For most children, communication development and learning occur through vision and hearing. Because deafblindness limits access to auditory and visual information, children who are deafblind require educational services individualized to their own learning styles and abilities. Most also have one or more additional disabilities or medical conditions, further intensifying educational support needs.
In recognition of the complexity of the disability, the U.S. Congress has authorized programs for children who are deafblind as part of education legislation since the late 1960s. NCDB and state deafblind projects are the most current programs—funded under the Individuals with Disabilities Education Act.
NCDB and the state deafblind projects exist to help increase the knowledge and skills of educators and families who work with children who are deafblind and create sustainable services through systems change.
Most of NCDB’s services are aligned with four national initiatives designed to address key needs of children with deafblindness, their families, and service providers.
NCDB's technical assistance (TA) refers to a variety of activities, such as information, training, consultation, and coaching designed to support state deafblind projects as they work with practitioners, agencies, and families to address the intense educational needs of children who are deafblind. Read more about NCDB's services to state deafblind projects →
NCDB also provides TA to some additional entities, including national family organizations.

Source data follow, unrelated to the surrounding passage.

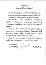Ваші відмінні якості: вміння знаходити спільну мову з людьми, вирішувати численні проблеми, чуйно вловлювати життєві зміни, сприймати нове і втілювати це нове в життя - здобули Вам заслужену повагу колег.
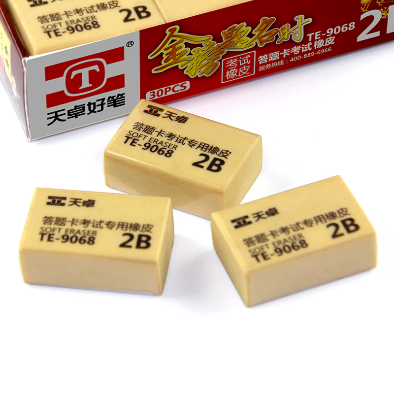 天卓文具答题卡考试专用橡皮2B 学生涂卡笔搭配橡皮擦 柔软无屑擦除干净 长方形学习用品30块一盒米黄色易擦
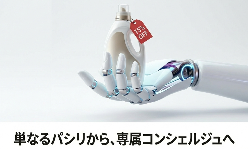 例えば、過去の注文サイクルから「そろそろ洗剤が切れる頃だけど、今なら定期便で15%オフになるよ」と提案してくれたり、複数の候補から「あなたの好みに合うのはこれだ」と絞り込んでくれるような、コンシェルジュとしての付加価値だ。
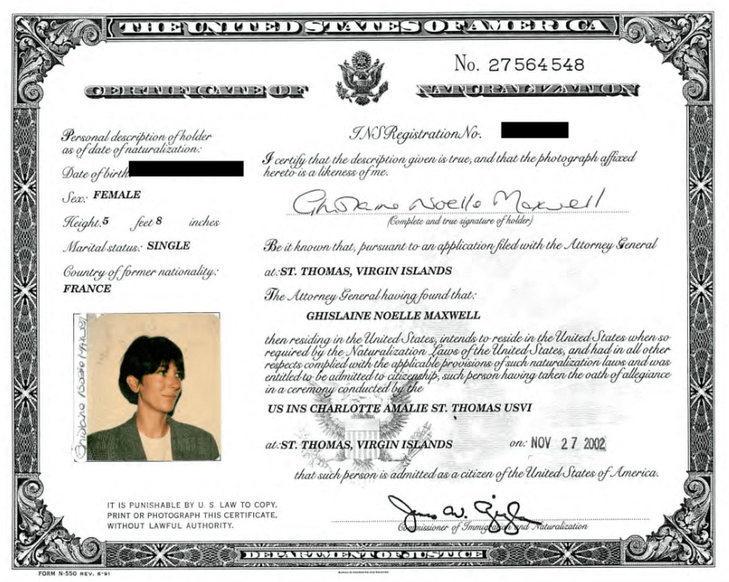 Maxwell’s application was approved, and she was naturalized as a U.S. citizen on November 27, 2002, in St. Thomas, U.S. Virgin Islands.
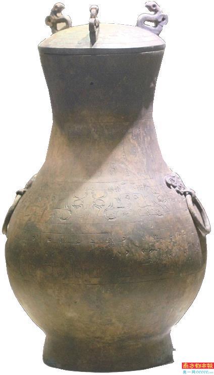 “国之大事,在祀与戎”。青铜器展厅展示了众多的古代兵器与礼器,内有五六十把青铜剑,古代战车的青铜配件,远程武器弩机,直径近一米的汉代铜鼓,还有鼎、簋、壶、爵杯、觚、盆、缶、甗、匜、尊、编钟、炉、镜等,器形完整,工艺精湛。
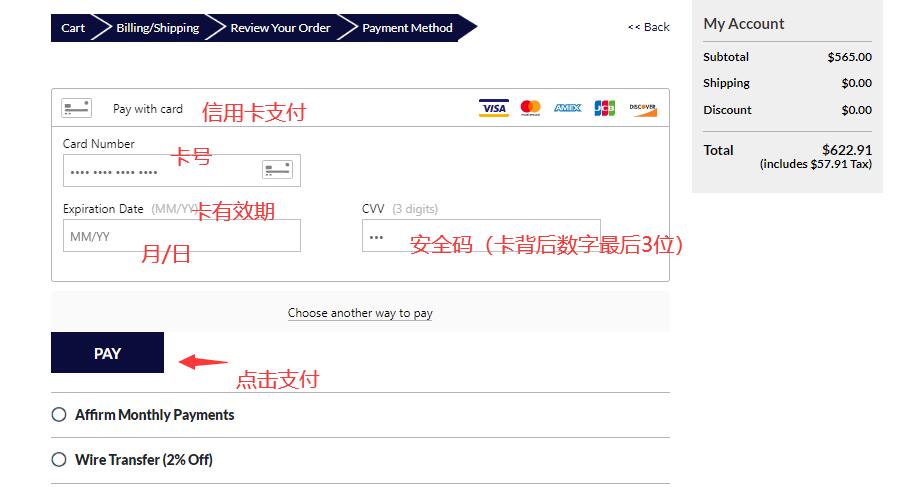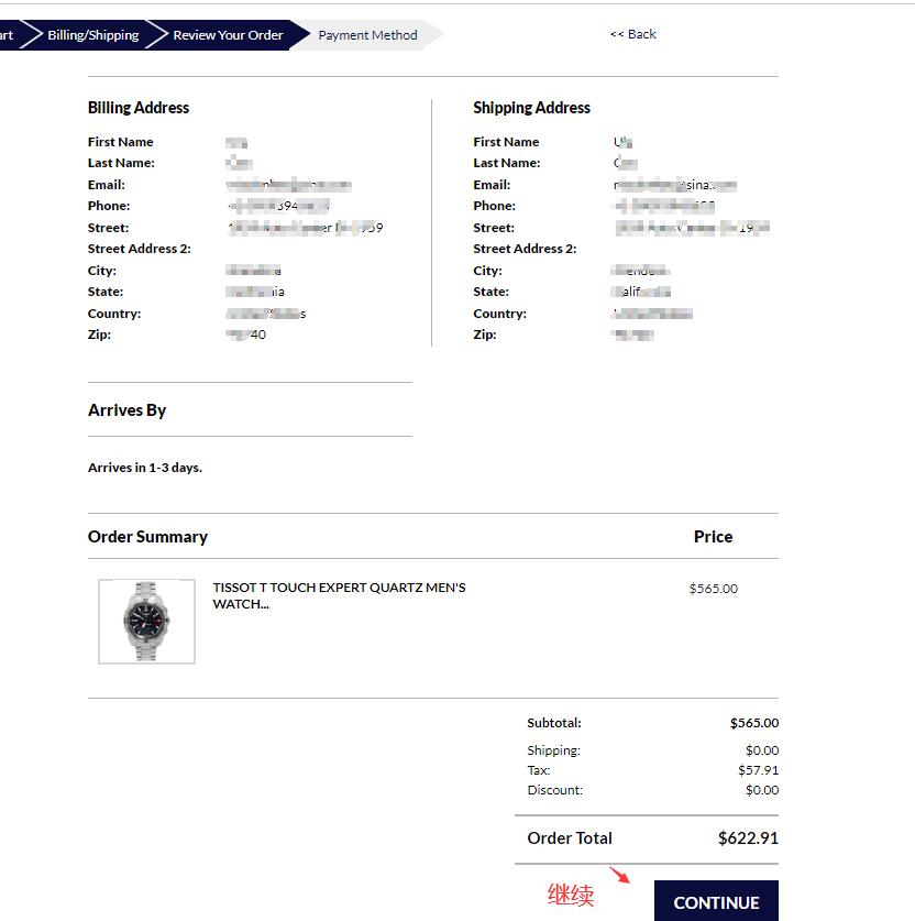步骤3:结账( 收件地址信息、信用卡账单地址信息填写、选择快速、选择付款方式)

Our information services involve both information dissemination and product development to serve two key purposes:
- Resources and tools that support state deafblind project activities
- Information about deafblindness and high-quality instructional practices for families and practitioners
These are made available via this website and through library services provided in collaboration with Perkins School for the Blind. Go to the Info Center →
National Child Count
NCDB compiles data about children with deafblindness collected by state deafblind projects and publishes an annual report. The report provides valuable information to inform the design and delivery of TA, research needs, and personnel training. Access the National Child Count →
Identification and Referral
This initiative provides assistance and tools that help state deafblind projects increase identification and referral in their states, so that families, early interventionists, and educators can receive the information and support they need to provide appropriate early intervention and special education services.
Interveners and Qualified Personnel
Activities in this initiative are designed to build the knowledge and skills of educators serving children who are deafblind through expansion of personnel development opportunities and adoption of interveners and teachers of the deafblind.
This initiative supports state deafblind projects and national family organizations in their provision of services that help families acquire the knowledge and skills required to effectively partner with service providers and advocate for their children's needs.
The Transition Initiative supports state deafblind projects in improving services and outcomes for youth who are deafblind and strengthens partnerships between the projects and national agencies, including the Helen Keller National Center.